Problem details:
Each line of the entries that mentions the string "канфесій" needs to be reported.

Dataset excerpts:
○ ○ ○ ○ ○

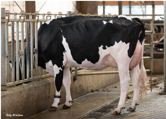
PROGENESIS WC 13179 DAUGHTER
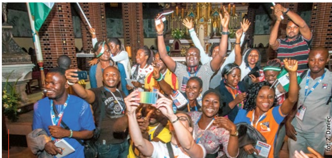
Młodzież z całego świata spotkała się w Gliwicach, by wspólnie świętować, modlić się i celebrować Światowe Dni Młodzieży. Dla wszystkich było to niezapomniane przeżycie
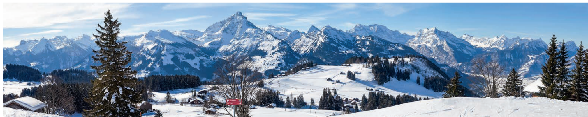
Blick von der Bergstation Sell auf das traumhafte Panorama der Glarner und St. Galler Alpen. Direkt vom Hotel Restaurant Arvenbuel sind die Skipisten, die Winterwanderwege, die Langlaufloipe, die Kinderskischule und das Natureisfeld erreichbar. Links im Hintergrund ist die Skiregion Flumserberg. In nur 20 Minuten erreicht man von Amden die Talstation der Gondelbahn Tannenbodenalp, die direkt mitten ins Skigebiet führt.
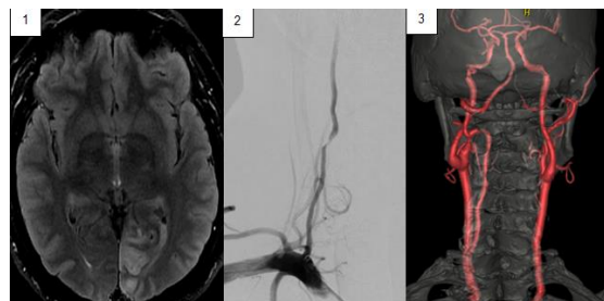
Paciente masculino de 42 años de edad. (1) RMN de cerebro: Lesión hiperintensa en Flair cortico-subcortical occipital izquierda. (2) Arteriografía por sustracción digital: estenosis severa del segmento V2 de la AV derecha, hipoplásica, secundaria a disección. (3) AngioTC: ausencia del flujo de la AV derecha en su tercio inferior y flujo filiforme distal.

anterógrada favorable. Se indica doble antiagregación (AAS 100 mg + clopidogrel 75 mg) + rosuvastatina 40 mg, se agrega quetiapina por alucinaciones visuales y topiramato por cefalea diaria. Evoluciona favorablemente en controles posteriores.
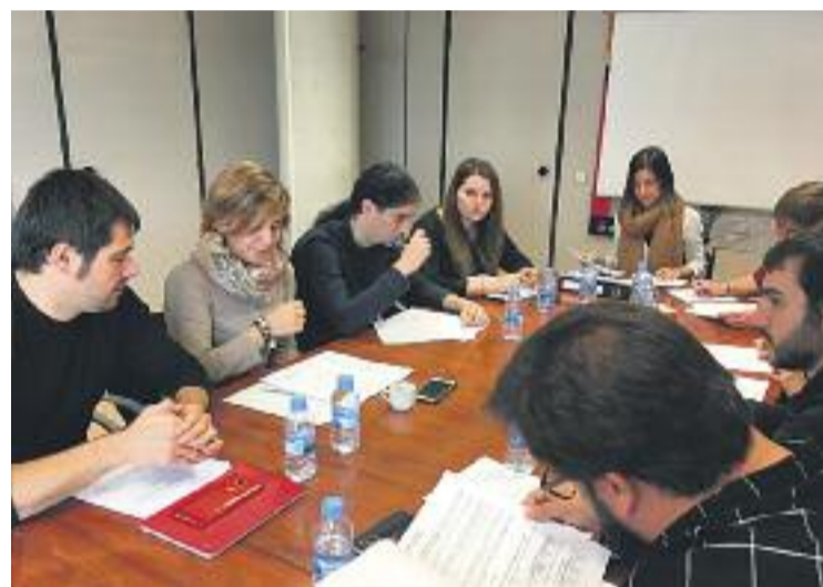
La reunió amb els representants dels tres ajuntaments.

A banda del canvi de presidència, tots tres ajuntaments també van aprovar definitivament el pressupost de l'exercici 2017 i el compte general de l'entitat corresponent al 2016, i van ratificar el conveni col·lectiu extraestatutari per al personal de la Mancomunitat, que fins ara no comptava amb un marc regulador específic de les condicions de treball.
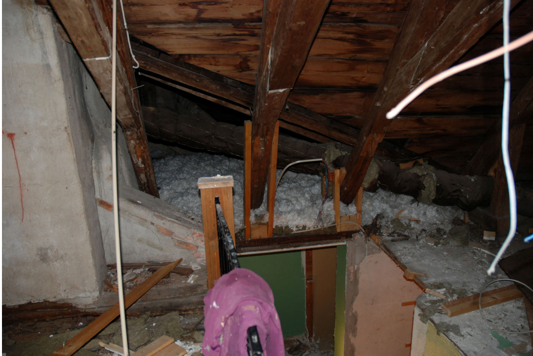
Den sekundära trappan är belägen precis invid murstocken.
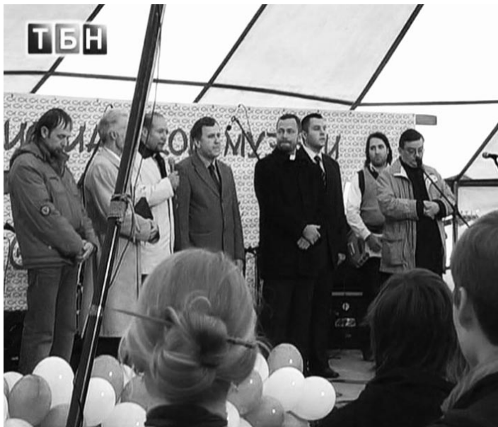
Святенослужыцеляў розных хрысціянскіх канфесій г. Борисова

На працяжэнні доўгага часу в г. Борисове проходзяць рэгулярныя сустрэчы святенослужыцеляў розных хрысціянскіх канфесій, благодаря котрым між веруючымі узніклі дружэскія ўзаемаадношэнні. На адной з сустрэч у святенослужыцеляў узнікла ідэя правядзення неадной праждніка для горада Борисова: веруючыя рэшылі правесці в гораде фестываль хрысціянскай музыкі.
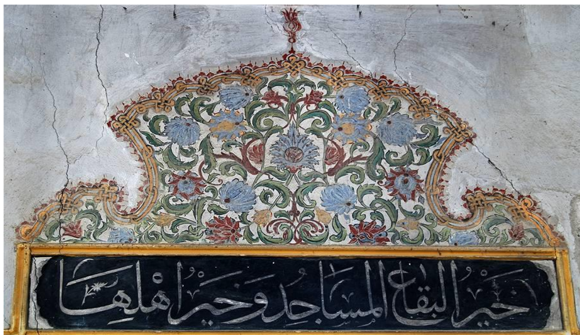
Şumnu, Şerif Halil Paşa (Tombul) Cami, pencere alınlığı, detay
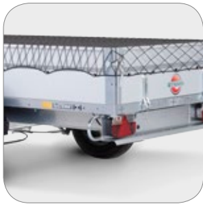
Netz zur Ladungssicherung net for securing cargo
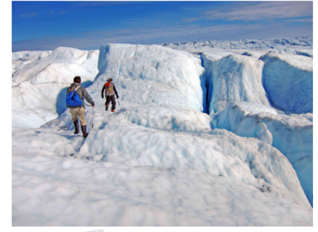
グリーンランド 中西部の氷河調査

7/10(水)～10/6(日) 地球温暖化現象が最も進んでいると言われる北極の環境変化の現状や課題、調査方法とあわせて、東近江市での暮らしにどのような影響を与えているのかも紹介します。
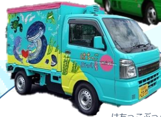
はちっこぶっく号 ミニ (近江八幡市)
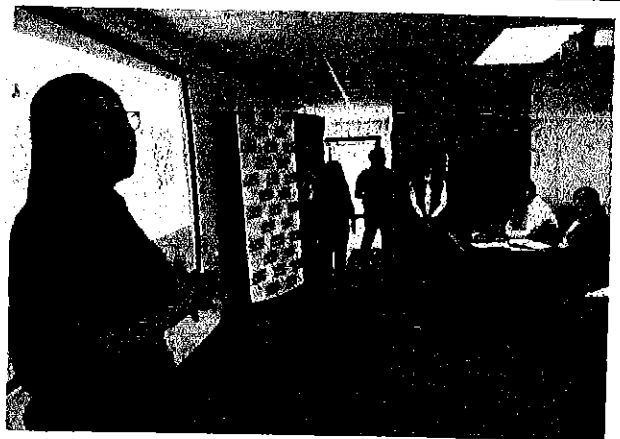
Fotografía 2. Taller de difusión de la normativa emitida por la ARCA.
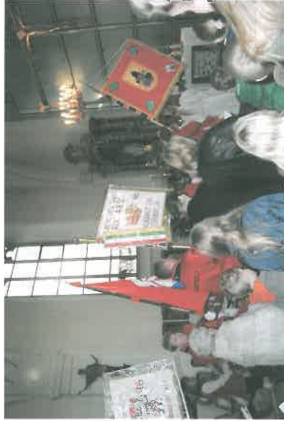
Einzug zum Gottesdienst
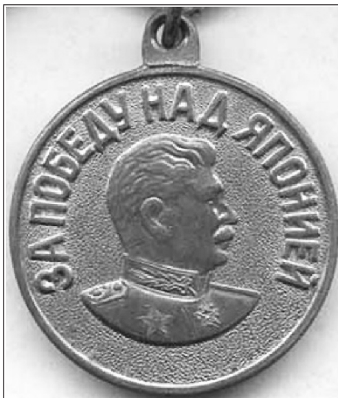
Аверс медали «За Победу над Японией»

○ ○ ○ ○ ○

Response to the task:
Святенослужыцеляў розных хрысціянскіх канфесій г. Борисова
На працяжэнні доўгага часу в г. Борисове проходзяць рэгулярныя сустрэчы святенослужыцеляў розных хрысціянскіх канфесій, благодаря котрым між веруючымі узніклі дружэскія ўзаемаадношэнні. На адной з сустрэч у святенослужыцеляў узнікла ідэя правядзення неадной праждніка для горада Борисова: веруючыя рэшылі правесці в гораде фестываль хрысціянскай музыкі.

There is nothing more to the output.